The probability distribution function (wet rain intensities > 1 mm/6 h) of the forecasts followed a similar pattern to that of IMDAA (Fig. S4). The differences in the cumulative distribution function (CDF) between the ensemble members increased with lead time. However, most ensemble members overestimated extreme events (right tail), particularly as the lead time increased. Notably, ENS3 (utilizing the BMJ cumulus scheme and WDM6 microphysics scheme) and ENS4 (employing the NT cumulus scheme and Lin microphysics scheme) outperformed in simulating low to moderate rain intensities (< 10.1 mm/6 h), even with a lead time of 72 h.

In summary, the analysis of error metrics and distribution graphs revealed that the ensemble framework slightly overestimated moderate to heavy events (> 10.1 mm/6 h) and exhibited higher uncertainty in those simulations as lead time increased. Interestingly, the findings suggest that the ensemble members exhibited similar performance during the initial forecast hours (6–24 h), but afterward, their error growth rates diverged.

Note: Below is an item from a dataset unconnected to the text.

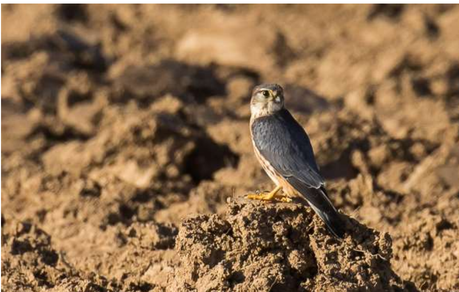
Faucon émerillon, mâle, Quincieux, janvier 2020, Guillaume BROUARD

Ces petites rapaces chassent souvent les Alouettes des champs Alauda arvensis encore assez nombreuses dans ces milieux ouverts.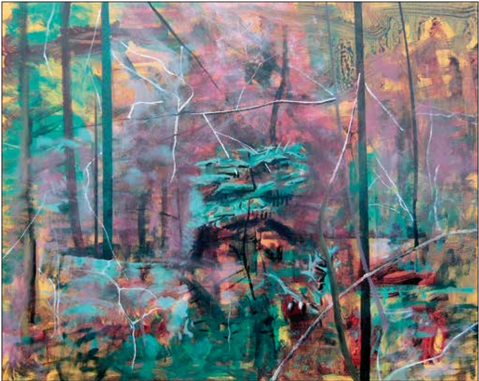
Janez Hafner, Smrekica , 2012; akril/platno, 80 x 100 cm.

Pregled njegovega opusa je pripravil Tomaž Lunder.

3.4 Investigating the added value by the multiphysics ensembles at an intra-seasonal scale across Southern India

The added value of the proposed convection-allowing resolution multiphysics framework (WRF-CP7) was assessed by comparing the ensemble mean and spatiotemporal spread to those from NCEP-GEFS20 (refer Table 2 for more details). Figure 6 presents domain-wise averaged 6-hourly precipitation plots across different seasons. During the Southwest Monsoon/Indian Summer Monsoon (SWM) season, which exhibits higher rainfall occurrences between 6–18 UTC (11.30 AM—11.30 PM IST) in DOM1 and DOM2 (core SWM regions), the WRF-CP7 ensembles accurately represented the diurnal variability (correlation coefficient – 0.75). As mentioned earlier, the spread becomes more pronounced with increased lead time. However, the NCEP-GEFS20 performed poorly in capturing diurnal variability (correlation coefficient – 0.56), rainfall intensities, and spread among ensemble members during the SWM season. In the Northeast Monsoon (NEM) season, major rainfall occurs between 0–6 UTC (5.30 AM—12 PM Indian Standard Time (IST)) in the core monsoon domain, specifically the DOM3-Eastern Coast region. DOM3 is the first inland convergence zone, as the easterlies and associated depressions bring moisture from the Bay of Bengal. The system then moves with less intensity to Central TN (DOM4), where significant rainfall occurs between 12–18 UTC (5.30 PM—11.30 PM IST). Regarding rainfall initiation, the NCEP-GEFS20 and WRF-CP7 ensemble mean showed a slight difference, with the WRF-CP7 capturing the initiation time accurately in DOM3 but not accurately representing the peak rainfall occurrences in DOM4. Interestingly, although the NCEP-GEFS20 exhibited less spread (± 1 mm/6 h) among ensemble members, it closely followed the diurnal pattern and rain intensities observed by IMDAA for the core NEM monsoon regions (DOM3 and DOM4). NCEP-GEFS20 also captured the patterns in DOM1 and DOM2 well during the NEM period, while the WRF-CP7 slightly overestimated the peak rainfall occurrences.

Fig. 6
figure 6

Diurnal variations in 6-hourly rain intensities across lead times. The observed rainfall intensities from IMDAA are represented by black lines and circle markers. Model-simulated precipitation is displayed for the ensemble mean of WRF-CP7_EM (maroon) and NCEP-GEFS20_EM (darkcyan) ensemble framework. Additionally, the results of the Probability Matching technique Mean (PMM) for WRF-CP7_PMM (maroon with + markers) and NCEP-GEFS20_PMM (darkcyan with + markers) are presented. The individual members from WRF-CP7 and NCEP-GEFS20 are depicted in shades lighter than their respective models. The rows correspond to different seasons (SWM, NEM, Pre-Monsoon, and Winter), and the columns represent various domains (DOM1: Western Coast, DOM2: Western Ghats, DOM3: Eastern Ghats, and DOM4: Central Tamilnadu). The x-axis reflects lead times at 6-h intervals, aligning with 00 UTC (5:30 AM IST), while the y-axis indicates the averaged rain intensities (mm/6 h)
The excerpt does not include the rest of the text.